This collection of short stories by Stan Rice, who is also the author of nonfiction books of popular science and science novels, takes the reader to the frontier between science and worlds of the impossible. Readers of my science blog will appreciate the creative telling of scientifically impossible stories; readers of my religion blog will appreciate the question of whether, even if these things were possible, would they be good?
The stories in this book are The Man Who Could Work Miracles, Light Apparel, Flow of Blood, Wisdom Builds Her House, Rock Bunnies, Entropy, Olga the Science Cat, Doghouse, and Fresh Air. I will post an essay about each story in this blog. All of his fiction books can be found on his author website, where the fiction books are at the bottom.
The first story, The Man Who Could Work Miracles, is also a short story by H. G. Wells. And as in the Wells story, the main character ends up destroying the world—almost. At the last minute, in both stories, the main character rejects his miracle-working ability. No human being is good or smart enough to have this ability.

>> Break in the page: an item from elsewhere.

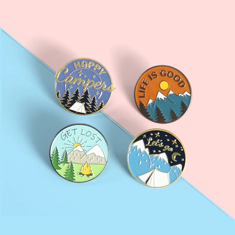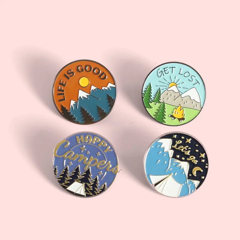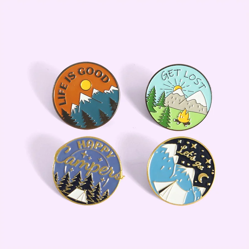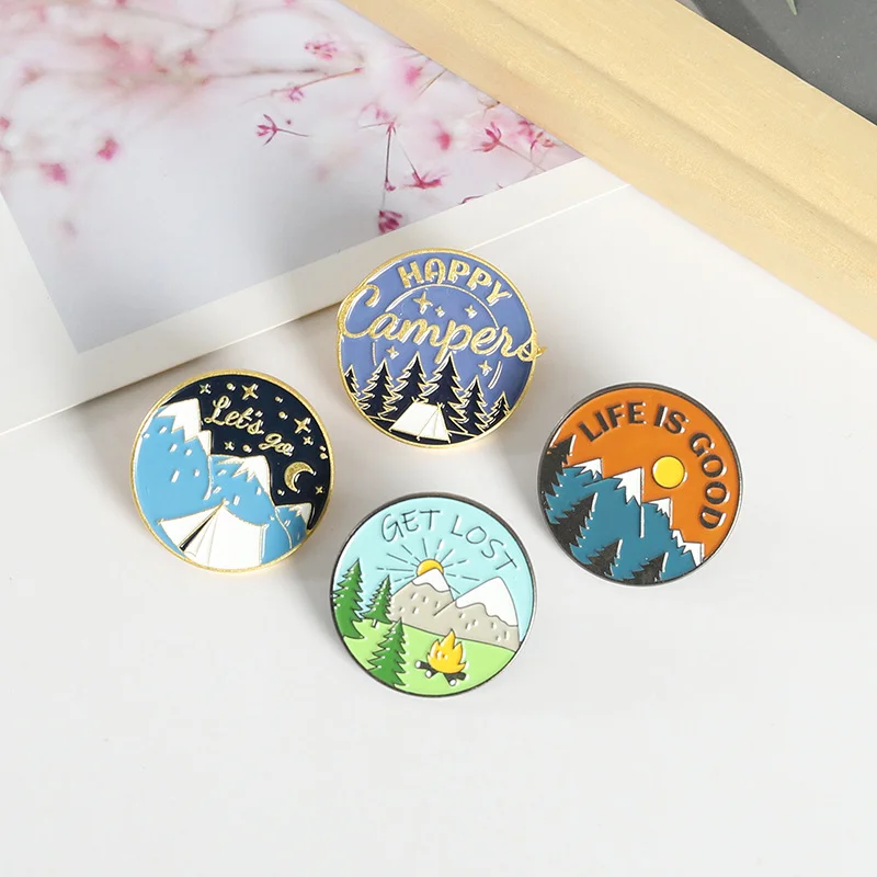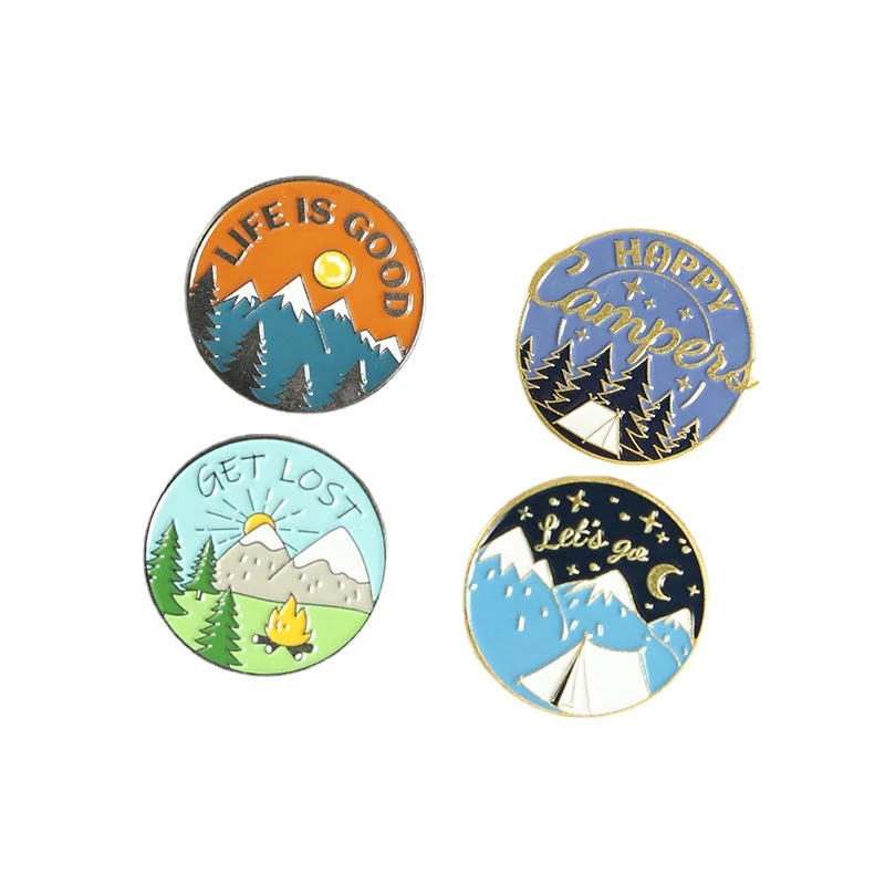 AliExpress Hot New Products Creative Cartoon Scenery Snow Mountain Pine Tree Pattern Alloy Paint Accessory Brooch
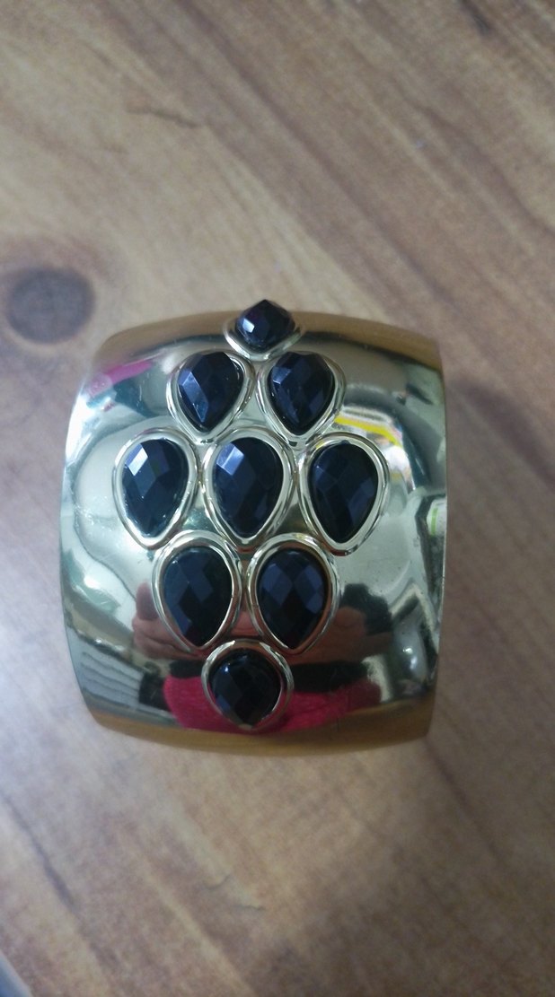 Koyu taşlarla süslenmiş altın renkli, tokalı bilezik. Modern desenli ve gösterişli tasarıma sahip.

Rice’s twist on this situation is that the main character, Irwin, only has the ability to work miracles—and then only one at a time—when the odometer on his old car lines up with the same number at least five times. Then, his miracles can only alter the laws of probability, no other natural laws. When Irwin sent the arrogant co-worker to Hell, it was something that was going to eventually happen anyway. When Irwin got incredibly rich from lotteries and investments, it was something that would have happened to someone anyway. Irwin’s patient girlfriend found out where his powers came from, and Irwin used his ability to make her forget what she had learned about him—but he did not expect this would cause her to have a stroke and become brain-dead. But she would have eventually had a stroke anyway, right? But this was enough to make him revoke his ability just seconds before his old car would have collided with a truck in the opposite lane.
When the protagonist revokes his ability in Wells’s novel, it saves the world. In Rice’s novel, it saves only the people Irwin knows. He realizes all he needs is a job and his devoted girlfriend.
Human intelligence evolved only to deal with local, immediate circumstances, and then only imperfectly. It did not evolve to give humans—any humans—the ability to understand the world and control it. Sometimes I wonder if God could allow some of us to do just a few little miracles to make life easier, but I then realize that this is a slippery slope that would lead to everybody doing everything by miracle. Or maybe not. God could set limits and know everyone’s motivations, couldn’t He? Just sayin.’